• [ENTRIES PROVIDED]:
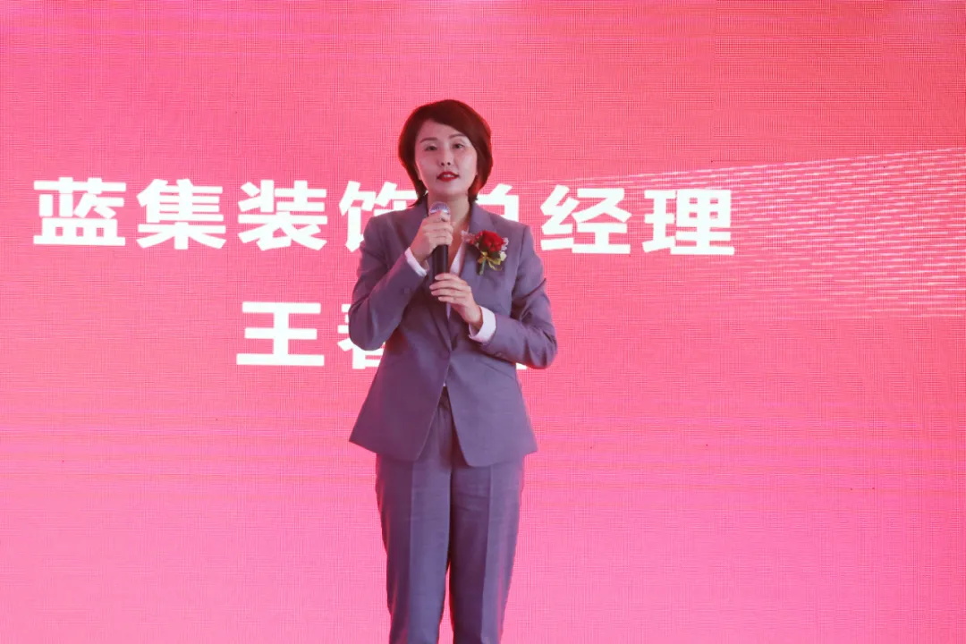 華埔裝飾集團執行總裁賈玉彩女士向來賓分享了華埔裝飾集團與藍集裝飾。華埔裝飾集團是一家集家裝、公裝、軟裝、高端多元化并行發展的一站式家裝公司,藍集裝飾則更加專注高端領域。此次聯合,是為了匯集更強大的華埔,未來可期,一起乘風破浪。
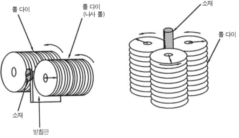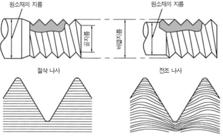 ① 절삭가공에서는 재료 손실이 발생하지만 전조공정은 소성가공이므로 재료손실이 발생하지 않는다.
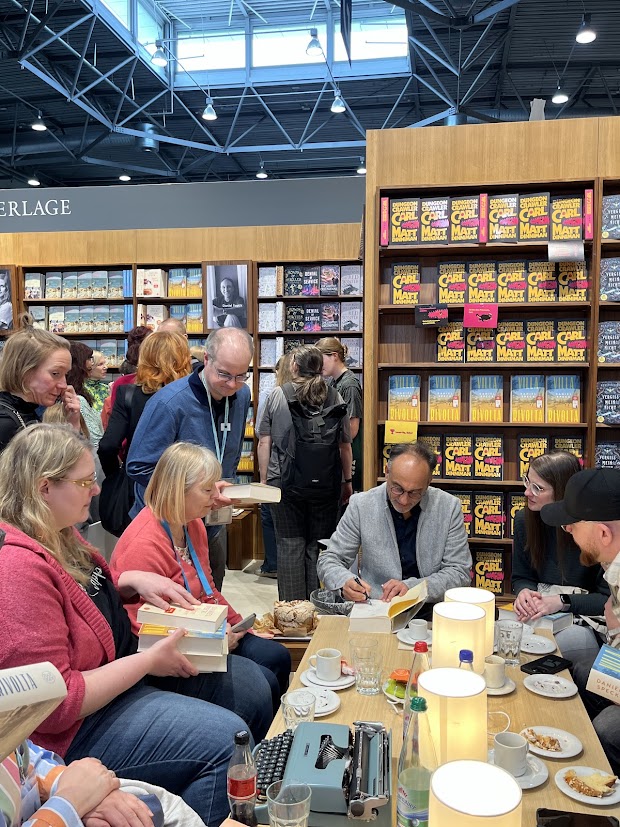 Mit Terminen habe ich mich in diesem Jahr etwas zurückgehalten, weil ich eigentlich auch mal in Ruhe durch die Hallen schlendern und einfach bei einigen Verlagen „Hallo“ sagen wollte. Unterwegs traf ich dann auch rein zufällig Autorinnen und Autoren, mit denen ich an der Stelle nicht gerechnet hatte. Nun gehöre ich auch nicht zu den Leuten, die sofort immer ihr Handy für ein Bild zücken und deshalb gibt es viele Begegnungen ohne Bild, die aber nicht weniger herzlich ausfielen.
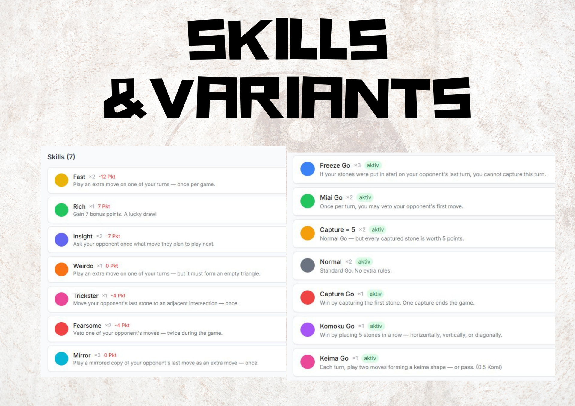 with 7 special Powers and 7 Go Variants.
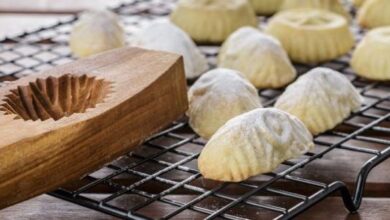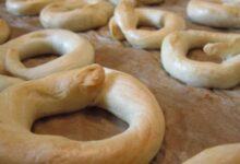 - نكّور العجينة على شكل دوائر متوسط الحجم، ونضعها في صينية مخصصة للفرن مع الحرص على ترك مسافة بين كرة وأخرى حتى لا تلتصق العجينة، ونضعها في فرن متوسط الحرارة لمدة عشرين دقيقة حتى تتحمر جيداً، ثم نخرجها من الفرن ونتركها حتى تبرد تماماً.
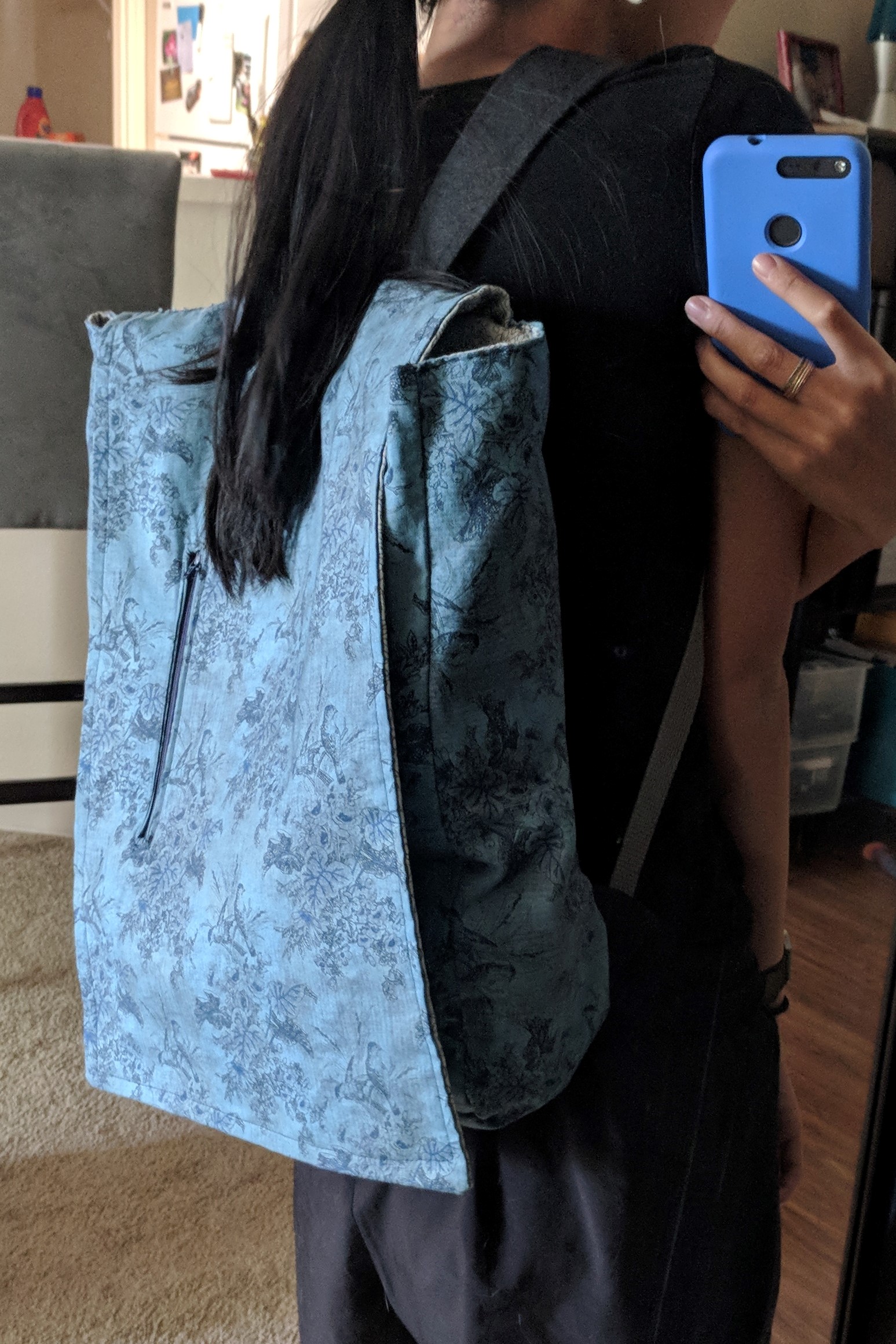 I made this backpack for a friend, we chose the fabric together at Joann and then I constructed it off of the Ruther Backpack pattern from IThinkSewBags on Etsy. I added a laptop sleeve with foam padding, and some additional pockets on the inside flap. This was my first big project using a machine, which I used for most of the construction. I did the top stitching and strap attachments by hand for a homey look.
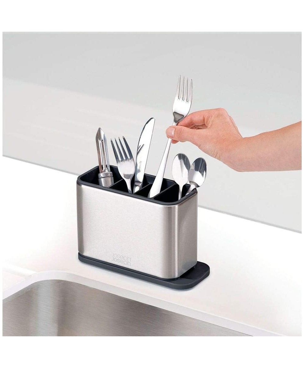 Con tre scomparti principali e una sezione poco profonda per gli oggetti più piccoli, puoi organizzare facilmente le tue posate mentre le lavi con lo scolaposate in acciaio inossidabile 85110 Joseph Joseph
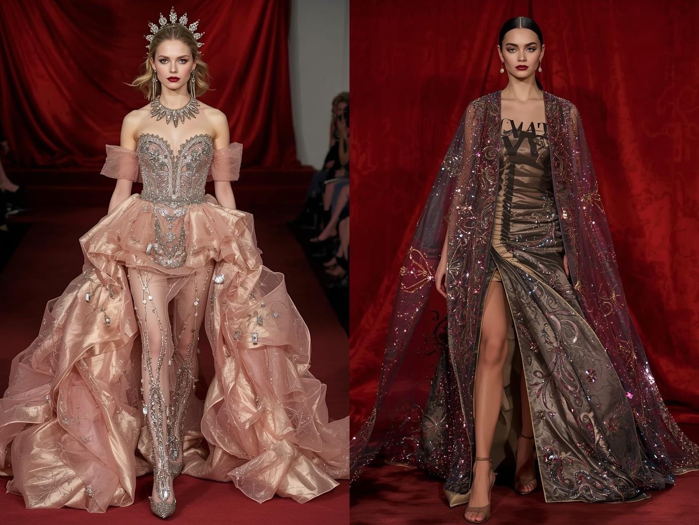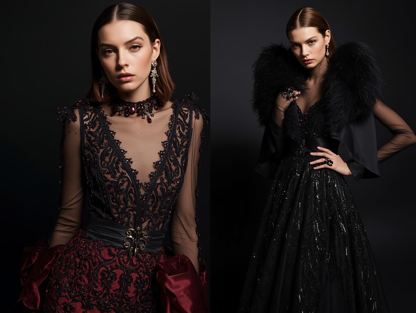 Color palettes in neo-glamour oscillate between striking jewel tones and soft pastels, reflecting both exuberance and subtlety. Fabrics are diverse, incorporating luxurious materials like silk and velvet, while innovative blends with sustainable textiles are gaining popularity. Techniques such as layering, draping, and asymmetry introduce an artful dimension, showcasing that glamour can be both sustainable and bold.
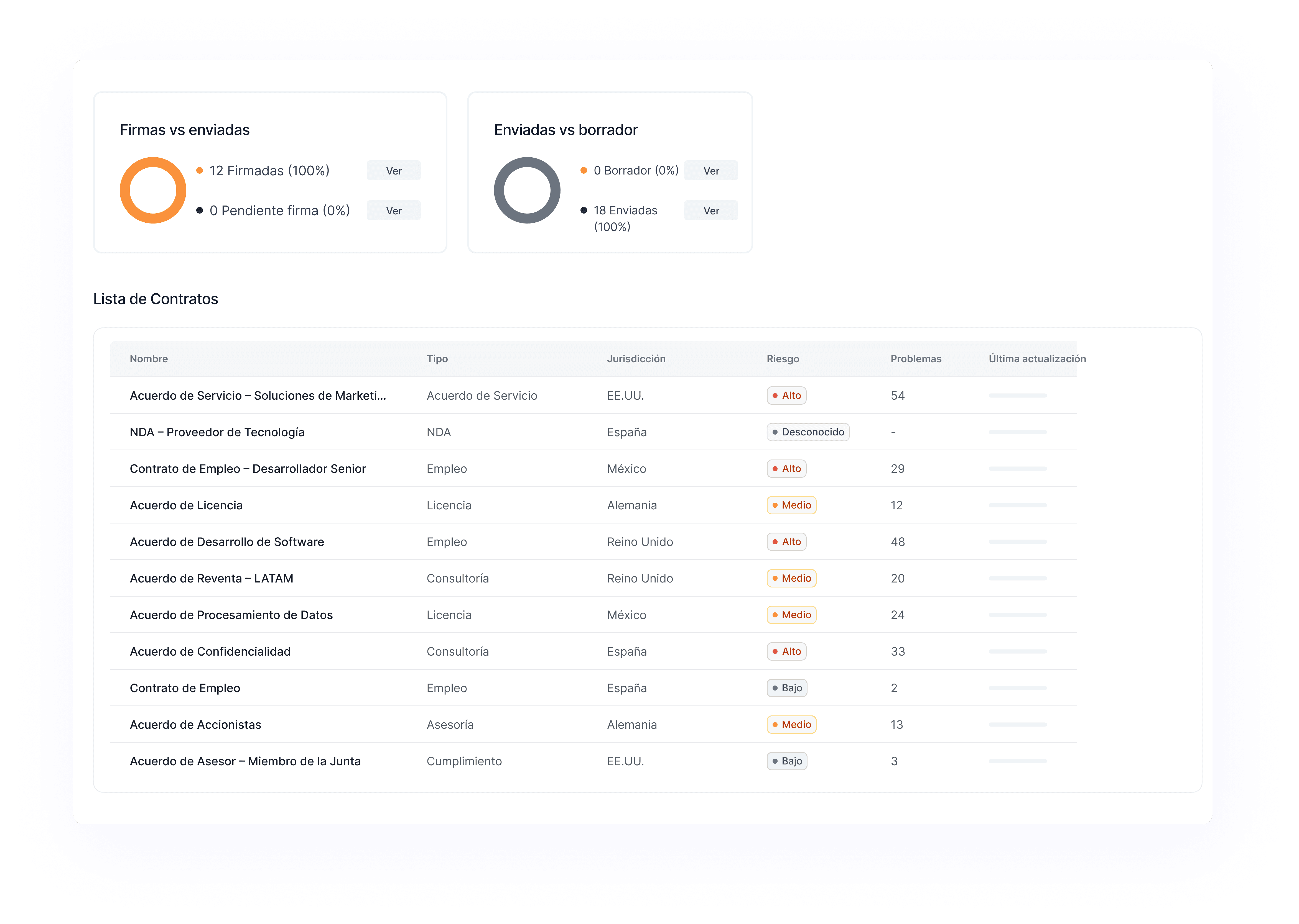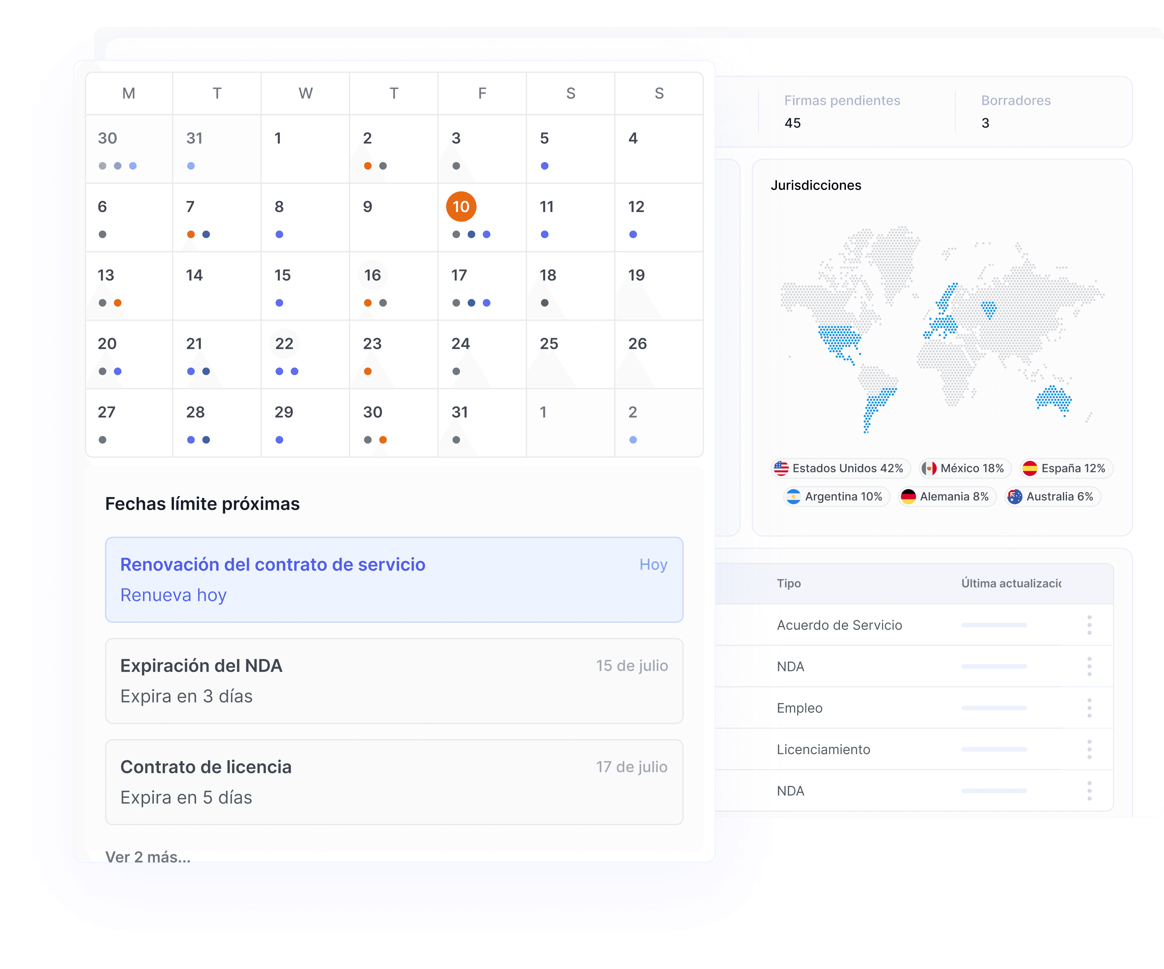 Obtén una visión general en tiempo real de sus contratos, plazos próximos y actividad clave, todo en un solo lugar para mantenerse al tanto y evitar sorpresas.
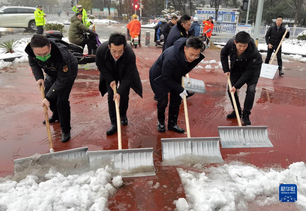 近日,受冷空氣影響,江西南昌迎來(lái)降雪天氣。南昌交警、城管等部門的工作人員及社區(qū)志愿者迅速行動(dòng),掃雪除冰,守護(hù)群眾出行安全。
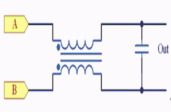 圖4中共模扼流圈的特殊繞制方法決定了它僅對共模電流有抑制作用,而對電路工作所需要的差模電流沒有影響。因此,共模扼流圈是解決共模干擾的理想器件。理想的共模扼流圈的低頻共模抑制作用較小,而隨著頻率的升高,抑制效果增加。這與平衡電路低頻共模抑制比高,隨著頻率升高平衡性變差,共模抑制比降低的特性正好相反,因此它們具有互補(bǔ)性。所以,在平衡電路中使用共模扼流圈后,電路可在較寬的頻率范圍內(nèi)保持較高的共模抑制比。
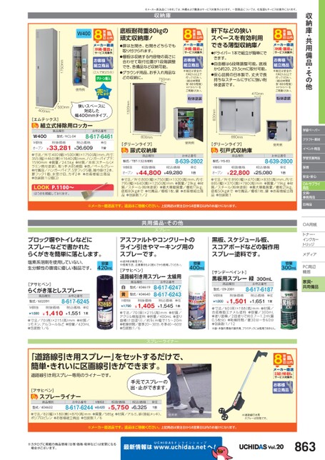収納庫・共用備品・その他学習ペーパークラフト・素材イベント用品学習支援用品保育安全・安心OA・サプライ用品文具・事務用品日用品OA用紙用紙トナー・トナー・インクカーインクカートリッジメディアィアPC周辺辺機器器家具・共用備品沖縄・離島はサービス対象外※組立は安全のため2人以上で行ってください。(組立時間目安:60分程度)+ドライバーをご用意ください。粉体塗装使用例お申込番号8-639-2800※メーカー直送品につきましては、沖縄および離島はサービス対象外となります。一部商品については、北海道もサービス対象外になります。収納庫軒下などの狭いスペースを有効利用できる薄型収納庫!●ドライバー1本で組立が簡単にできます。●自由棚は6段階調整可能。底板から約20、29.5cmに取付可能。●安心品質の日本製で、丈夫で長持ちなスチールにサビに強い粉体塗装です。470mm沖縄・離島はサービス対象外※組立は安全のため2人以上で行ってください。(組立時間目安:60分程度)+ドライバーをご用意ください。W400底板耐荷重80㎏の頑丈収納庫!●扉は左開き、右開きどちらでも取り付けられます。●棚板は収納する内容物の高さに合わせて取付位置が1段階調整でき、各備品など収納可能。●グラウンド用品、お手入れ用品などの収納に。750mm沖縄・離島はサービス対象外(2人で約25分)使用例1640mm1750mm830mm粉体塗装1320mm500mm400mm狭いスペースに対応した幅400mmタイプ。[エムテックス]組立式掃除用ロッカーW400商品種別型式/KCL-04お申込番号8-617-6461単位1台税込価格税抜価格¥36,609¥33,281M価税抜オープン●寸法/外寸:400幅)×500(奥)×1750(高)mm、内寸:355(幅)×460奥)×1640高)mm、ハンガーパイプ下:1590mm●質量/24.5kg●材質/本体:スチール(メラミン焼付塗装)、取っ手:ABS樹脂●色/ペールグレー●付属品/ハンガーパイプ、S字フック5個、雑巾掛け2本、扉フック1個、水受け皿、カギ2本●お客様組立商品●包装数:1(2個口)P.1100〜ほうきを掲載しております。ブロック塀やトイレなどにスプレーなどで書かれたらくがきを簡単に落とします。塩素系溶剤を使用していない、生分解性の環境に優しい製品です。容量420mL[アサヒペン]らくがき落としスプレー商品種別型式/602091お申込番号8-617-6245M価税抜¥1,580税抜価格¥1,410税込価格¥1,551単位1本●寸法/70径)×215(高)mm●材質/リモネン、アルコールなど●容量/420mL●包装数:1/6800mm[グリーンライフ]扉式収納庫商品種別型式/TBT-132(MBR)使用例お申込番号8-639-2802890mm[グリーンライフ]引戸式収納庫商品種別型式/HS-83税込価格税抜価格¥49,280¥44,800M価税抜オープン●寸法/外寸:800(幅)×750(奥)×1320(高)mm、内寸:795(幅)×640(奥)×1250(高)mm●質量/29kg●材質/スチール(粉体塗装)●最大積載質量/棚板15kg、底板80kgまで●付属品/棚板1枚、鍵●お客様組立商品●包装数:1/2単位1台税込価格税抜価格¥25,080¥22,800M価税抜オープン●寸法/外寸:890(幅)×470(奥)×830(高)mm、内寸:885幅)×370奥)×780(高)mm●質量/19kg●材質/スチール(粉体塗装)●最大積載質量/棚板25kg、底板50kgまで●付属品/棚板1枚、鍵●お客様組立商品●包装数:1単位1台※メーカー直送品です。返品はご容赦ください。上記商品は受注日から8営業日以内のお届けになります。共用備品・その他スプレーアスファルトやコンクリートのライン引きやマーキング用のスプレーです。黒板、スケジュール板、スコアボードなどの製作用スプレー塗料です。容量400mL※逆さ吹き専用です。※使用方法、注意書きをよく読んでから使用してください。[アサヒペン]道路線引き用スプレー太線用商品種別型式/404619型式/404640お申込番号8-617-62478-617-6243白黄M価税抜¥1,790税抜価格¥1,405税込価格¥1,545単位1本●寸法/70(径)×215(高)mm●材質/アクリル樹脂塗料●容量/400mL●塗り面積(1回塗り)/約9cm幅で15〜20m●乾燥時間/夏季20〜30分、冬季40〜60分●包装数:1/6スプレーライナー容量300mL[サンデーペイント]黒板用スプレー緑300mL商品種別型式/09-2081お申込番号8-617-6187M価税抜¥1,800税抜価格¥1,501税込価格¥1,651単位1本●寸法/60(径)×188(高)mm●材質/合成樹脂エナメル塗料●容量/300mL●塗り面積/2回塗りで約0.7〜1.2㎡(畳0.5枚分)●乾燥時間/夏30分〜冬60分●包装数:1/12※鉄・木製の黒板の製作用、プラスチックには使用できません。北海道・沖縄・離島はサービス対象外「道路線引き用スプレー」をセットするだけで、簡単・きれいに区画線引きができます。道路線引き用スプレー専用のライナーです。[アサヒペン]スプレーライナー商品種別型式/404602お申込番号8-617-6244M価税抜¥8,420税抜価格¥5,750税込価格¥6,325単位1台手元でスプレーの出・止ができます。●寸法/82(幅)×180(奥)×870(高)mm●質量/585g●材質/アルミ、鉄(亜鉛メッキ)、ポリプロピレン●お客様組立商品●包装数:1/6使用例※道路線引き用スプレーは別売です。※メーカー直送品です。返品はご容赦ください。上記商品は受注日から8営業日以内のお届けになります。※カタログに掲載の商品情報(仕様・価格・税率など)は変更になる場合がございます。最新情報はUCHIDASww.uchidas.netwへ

• [EXERCISE]: Go through the data above and print exactly the lines from its first line through the line holding "- نكّور العجينة", both included, leaving pictures aside.

• [RESPONSE FOR THIS EXERCISE]:
 華埔裝飾集團執行總裁賈玉彩女士向來賓分享了華埔裝飾集團與藍集裝飾。華埔裝飾集團是一家集家裝、公裝、軟裝、高端多元化并行發展的一站式家裝公司,藍集裝飾則更加專注高端領域。此次聯合,是為了匯集更強大的華埔,未來可期,一起乘風破浪。
 ① 절삭가공에서는 재료 손실이 발생하지만 전조공정은 소성가공이므로 재료손실이 발생하지 않는다.
 Mit Terminen habe ich mich in diesem Jahr etwas zurückgehalten, weil ich eigentlich auch mal in Ruhe durch die Hallen schlendern und einfach bei einigen Verlagen „Hallo“ sagen wollte. Unterwegs traf ich dann auch rein zufällig Autorinnen und Autoren, mit denen ich an der Stelle nicht gerechnet hatte. Nun gehöre ich auch nicht zu den Leuten, die sofort immer ihr Handy für ein Bild zücken und deshalb gibt es viele Begegnungen ohne Bild, die aber nicht weniger herzlich ausfielen.
 with 7 special Powers and 7 Go Variants.
 - نكّور العجينة على شكل دوائر متوسط الحجم، ونضعها في صينية مخصصة للفرن مع الحرص على ترك مسافة بين كرة وأخرى حتى لا تلتصق العجينة، ونضعها في فرن متوسط الحرارة لمدة عشرين دقيقة حتى تتحمر جيداً، ثم نخرجها من الفرن ونتركها حتى تبرد تماماً.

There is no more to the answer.